После того как заседание объявлялось закрытым, добрые люди расходились по домам и продолжали кроваво мстить за крупные преступления и мелкие обиды, словно никогда и не слышали о градации преступлений. Также исландцы, эти суровые защитники своей чести, спорившие и мстившие за ее поругание старыми добрыми способами, приходили на свой альтинг и слушали, как законовед читает главу об убийствах, во всей ее искусственной сложности, перечисляя условия, возможности и обстоятельства, вплетенные в нее, до бесконечности. И никто из них не смеялся; наоборот, все слушали с глубочайшим интересом.
Если бы мы не знали, как на самом деле обстояли дела, мы решили бы, что в обществе произошел раскол. Но нет.

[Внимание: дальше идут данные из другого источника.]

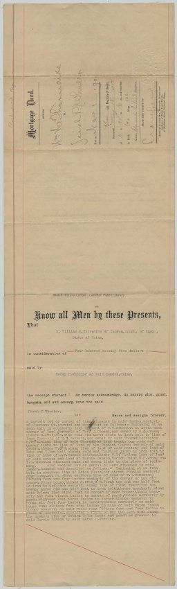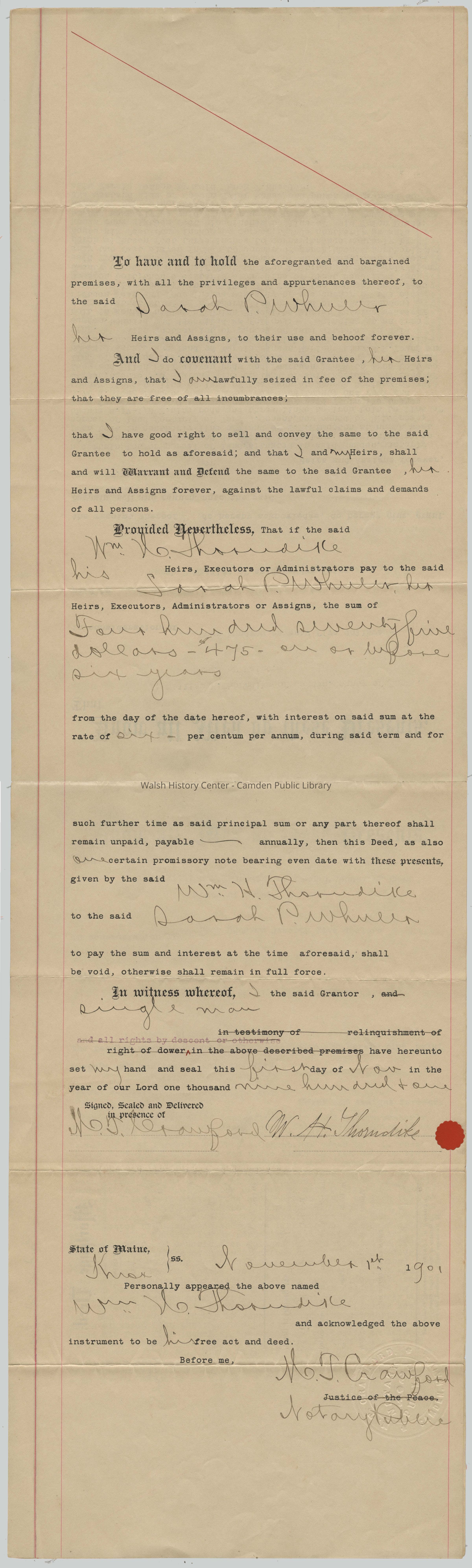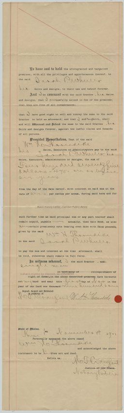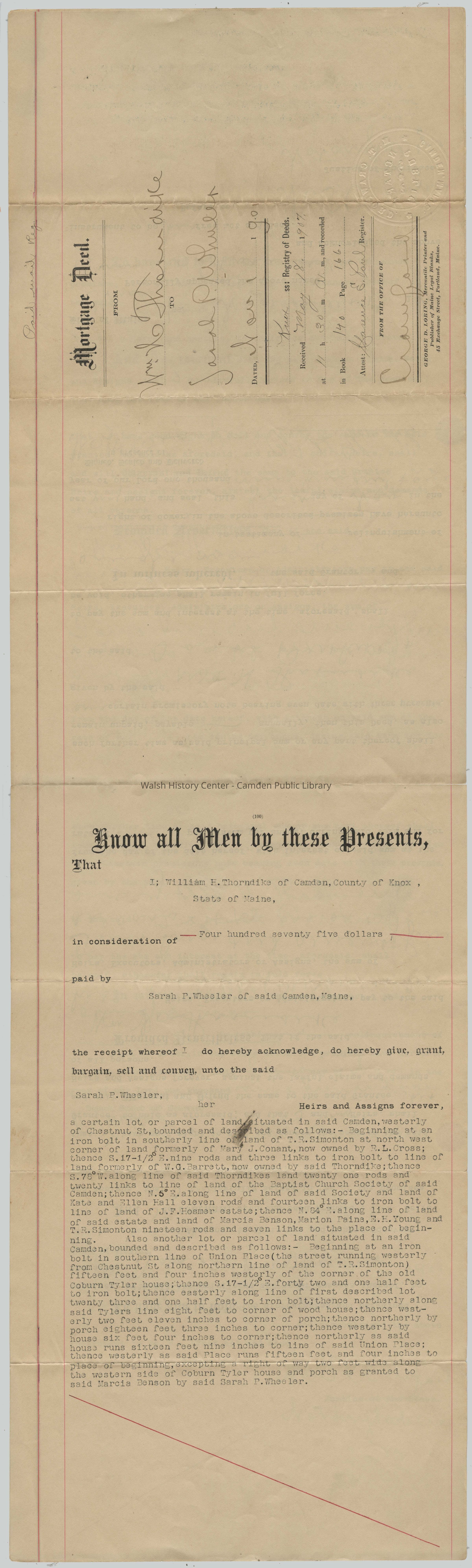 Know all Men by these Presents, That I; William E. Thorndike of Camden, County of Knox, State of Maine, in consideration of Four hundred seventy five dollars paid by Sarah P. Wheeler of said Camden, Maine, the receipt whereof I do hereby acknowledge, do hereby give, grant, bargain, sell and convey, unto the said Sarah P. Wheeler, her Heirs and Assigns forever, a certain lot or parcel of land situated in said Camden, westerly of Chestnut St. bounded and described as follows: - Beginning at an iron bolt in southerly line of land of T. R. Simonton at north west corner of land formerly of Mary J. Conant, now owned by R. L. Cross; thence S.17 ½ ° E. nine rods and three links to iron bolt to line of land formerly of W.G. Barrett, now owned by said Thorndike; thence S. 78° along line of said Thorndikes land twenty one rods and twenty links to line of land of the Baptist Church Society of said Camden; thence N. 5° E. along line of land of said Society and land of Kate and Ellen Hall eleven rods and fourteen links to iron bolt to line of land of J.F. Hosmer estate; thence N. 84° E along line of land of said estate and land of Marcia Benson, Marion Paine, E.H. Young and T.R. Simonton nineteen rods and seven links to the place of beginning. Also another lot or parcel of land situated in said Camden, bounded and described as follows:- Beginning at an iron bolt in southern line of Union Place (the street running westerly from Chestnut St along northern line of land of T.R. Simonton) fifteen feet and four inches westerly of the corner of the old Coburn Tyler house; thence S. 17 ½ ° E. forty two and one half feet to iron bolt; thence easterly along line of first described lot twenty three and one half feet to iron bolt; thence northerly along said Tylers line eight feet to corner of wood house; thence westerly two feet eleven inches to corner of porch; thence northerly by porch eighteen feet three inches to corner; thence westerly by house six feet four inches to corner; thence northerly as said house runs sixteen feet nine inches to line of said Union Place; thence westerly as said Place runs fifteen feet and four inches to place of beginning excepting a right of way two feet wide along the western side of Coburn Tyler house and porch as granted to said Marcia Benson by said Sarah P. Wheeler.
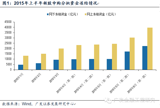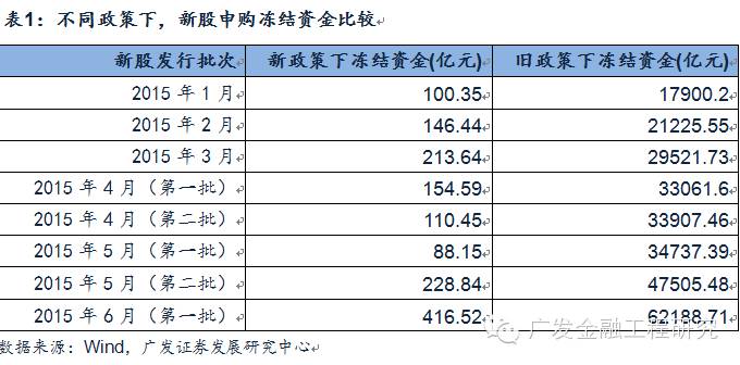 与宣布IPO重启的同时,证监会还宣布了五项同步实施的措施。在这五项措施中,我们认为对于市场影响最大的是预先交款制度的改变:针对巨额打新资金取消现行新股申购预先缴款制度,改为确定配售数量后再进行缴款,强调新股申购自主决策、自担风险、自负盈亏,券商不得接受投资者全权委托申购新股。这意味着以后不管是个人投资者还是机构投资者,只要符合证监会其他相关要求,在进行新股申购时,暂先可以不用考虑资金问题,配售或中签成功之后才缴款。现行制度往往会在新股申购期间形成大量的资金冻结,对市场的流动性造成不小的压力。以2015年6月第一批发行25只新股冻结资金为例,峰值时达到了5.69万亿元;而如果取消,仅需缴纳417亿元。

В Исландии, по крайней мере, не было и следа какого-нибудь различия между кастой, дарующей народу закон, и толпой, не признававшей никакого закона. Те же самые твердолобые йомены, которые сражались друг с другом в своих районах, были законоведами со степенями, любившими и умевшими распутывать юридические хитросплетения. Именно эти крестьяне и превратили законы Исландии в сложную сеть казуистики. Закон на острове саг представлял собой стройную, доведенную почти до совершенства систему, которую можно было найти только в Исландии и нигде больше. Она была создана постоянными судебными процессами и постоянным законодательством. Почти то же самое происходило и в Норвегии. Хотя повсюду люди, изучившие законы, в более узком смысле, жили рядом с теми, кто их не знал, различие заключалось лишь в объеме их познаний и никак не влияло на проявляемый к закону интерес.
Можно предложить еще одно, более вероятное объяснение. Люди не остаются все время на одной и той же стадии развития, но за один отрезок времени изменяется лишь часть их души. Один и тот же человек может мыслить прогрессивно, и это особенно проявляется, когда он занимает какую-нибудь общественную должность или сотрудничает с людьми, разделяющими его взгляды; и одновременно он сохраняет старые, консервативные взгляды, которые проявляются в его домашней, повседневной жизни. Такой человек пользуется преимуществами, которые предоставляют ему любые нарушения баланса в душе, чтобы захватить своего соперника врасплох и устранить его. Законы Исландии и Норвегии вовсе не были примитивными, наоборот, они отличались необыкновенной прогрессивностью. Они выражали взгляды прогрессивных людей. Но странное дело, у норвежцев была разработана целая шкала ран: если образовалась лишь вмятина на коже, то за нее налагался штраф в половину марки, если не повреждались ткани под кожей – штраф в 1 унцию; если рана заживала без шрама – 1 унция, а если со шрамом – то 6. Исландцы же вообще ограничились тем, что называли всякую рану раной. И если бы мы могли проследить, как менялся закон от одного века к другому, то увидели бы, как его формы все больше упрощались под влиянием повседневной жизни.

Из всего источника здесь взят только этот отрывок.